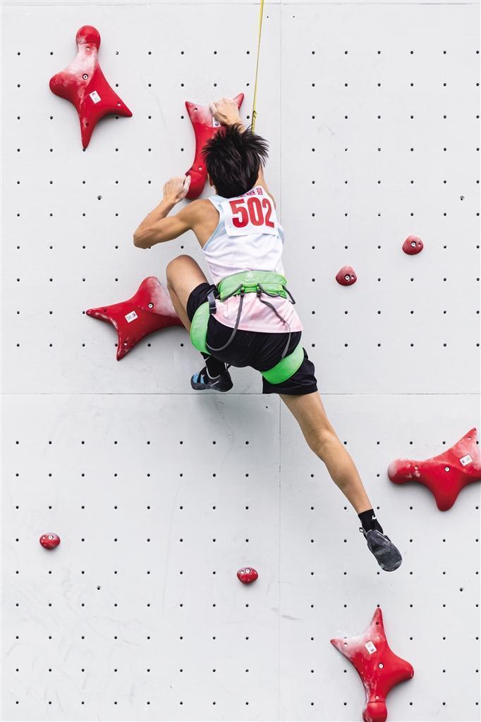 10月21日,男子乙组攀岩速度决赛现场。
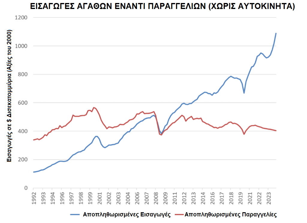 Δασμοί της τάξης του 15% και άνω θα αυξήσουν σημαντικά το κόστος για τις αμερικανικές επιχειρήσεις, με τις εισαγωγές κεφαλαιουχικών αγαθών (εξαιρουμένων των αυτοκινήτων) να εκρήγνυνται μετά την υγειονομική κρίση κατά την διάρκεια της κυβέρνησης Biden,με την αύξηση να φθάνει το 50%. Οι ΗΠΑ έχουν την μεν δυνατότητα παραγωγής των συγκεκριμμένων αγαθών, αλλά βραχυπρόθεσμα θα αναγκασθούν να προβούν σε εισαγωγές αρκετών για να επεκτείνουν την εσωτερική παραγωγική δραστηριότητα, οπότε σταδιακά θα μειωθεί η ζήτηση από το εξωτερικό.
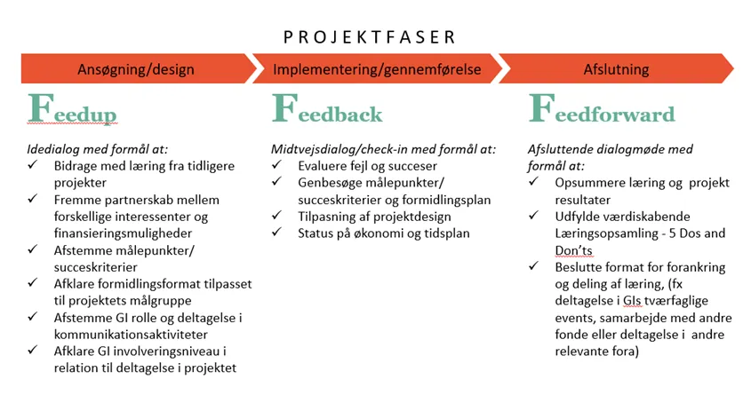 GI har en tæt dialog med ansøgere i den indledende projektansøgningsfase, og vil forstærke denne dialog fremover specielt med fokus på de kommunikative aktiviteter.
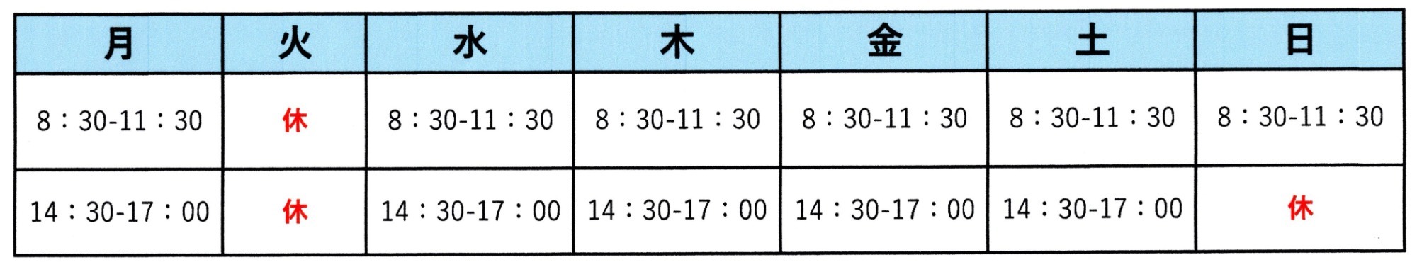| 午後 | 〇 | - | 〇 | 〇 | 〇 | 〇 | - |
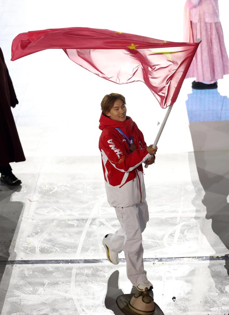 2月22日,中国体育代表团旗手苏翊鸣在闭幕式上入场。新华社记者 李京 摄
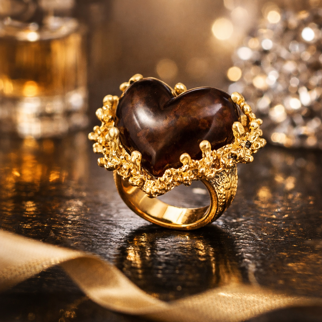 PRODUKTCODE: NY24108B883 MATERIAL: Metall Zinklegierungen, Harz GRÖSSE: Elastisch OBERFLÄCHENGRÖSSE: 4,3x4,7 cm PRODUKTBESCHREIBUNG • Außergewöhnliche Rhodinierung. • Romantischer und retro Stil, mit einem großen, herzförmigen, farbigen Harzstein, umgeben von einem goldenen, von Korallen inspirierten Ornament. Die organischen Details betonen die Raffinesse und die materielle Fülle des Designs. ENTWORFEN, UM KOMFORTABEL UND EINFACH ZU TRAGEN ZU SEIN Unsere Produkte werden in Übereinstimmung mit den Beschränkungen für Nickel, Blei und Cadmium hergestellt, in voller Übereinstimmung mit den geltenden Vorschriften.

• • • • •

**WHAT THIS TASK INVOLVES:**
Without including any pictures, output each entry above exactly as it appears.

**YOUR SOLUTION:**
 10月21日,男子乙组攀岩速度决赛现场。
 Δασμοί της τάξης του 15% και άνω θα αυξήσουν σημαντικά το κόστος για τις αμερικανικές επιχειρήσεις, με τις εισαγωγές κεφαλαιουχικών αγαθών (εξαιρουμένων των αυτοκινήτων) να εκρήγνυνται μετά την υγειονομική κρίση κατά την διάρκεια της κυβέρνησης Biden,με την αύξηση να φθάνει το 50%. Οι ΗΠΑ έχουν την μεν δυνατότητα παραγωγής των συγκεκριμμένων αγαθών, αλλά βραχυπρόθεσμα θα αναγκασθούν να προβούν σε εισαγωγές αρκετών για να επεκτείνουν την εσωτερική παραγωγική δραστηριότητα, οπότε σταδιακά θα μειωθεί η ζήτηση από το εξωτερικό.
 GI har en tæt dialog med ansøgere i den indledende projektansøgningsfase, og vil forstærke denne dialog fremover specielt med fokus på de kommunikative aktiviteter.
| 午後 | 〇 | - | 〇 | 〇 | 〇 | 〇 | - |
 2月22日,中国体育代表团旗手苏翊鸣在闭幕式上入场。新华社记者 李京 摄
 PRODUKTCODE: NY24108B883 MATERIAL: Metall Zinklegierungen, Harz GRÖSSE: Elastisch OBERFLÄCHENGRÖSSE: 4,3x4,7 cm PRODUKTBESCHREIBUNG • Außergewöhnliche Rhodinierung. • Romantischer und retro Stil, mit einem großen, herzförmigen, farbigen Harzstein, umgeben von einem goldenen, von Korallen inspirierten Ornament. Die organischen Details betonen die Raffinesse und die materielle Fülle des Designs. ENTWORFEN, UM KOMFORTABEL UND EINFACH ZU TRAGEN ZU SEIN Unsere Produkte werden in Übereinstimmung mit den Beschränkungen für Nickel, Blei und Cadmium hergestellt, in voller Übereinstimmung mit den geltenden Vorschriften.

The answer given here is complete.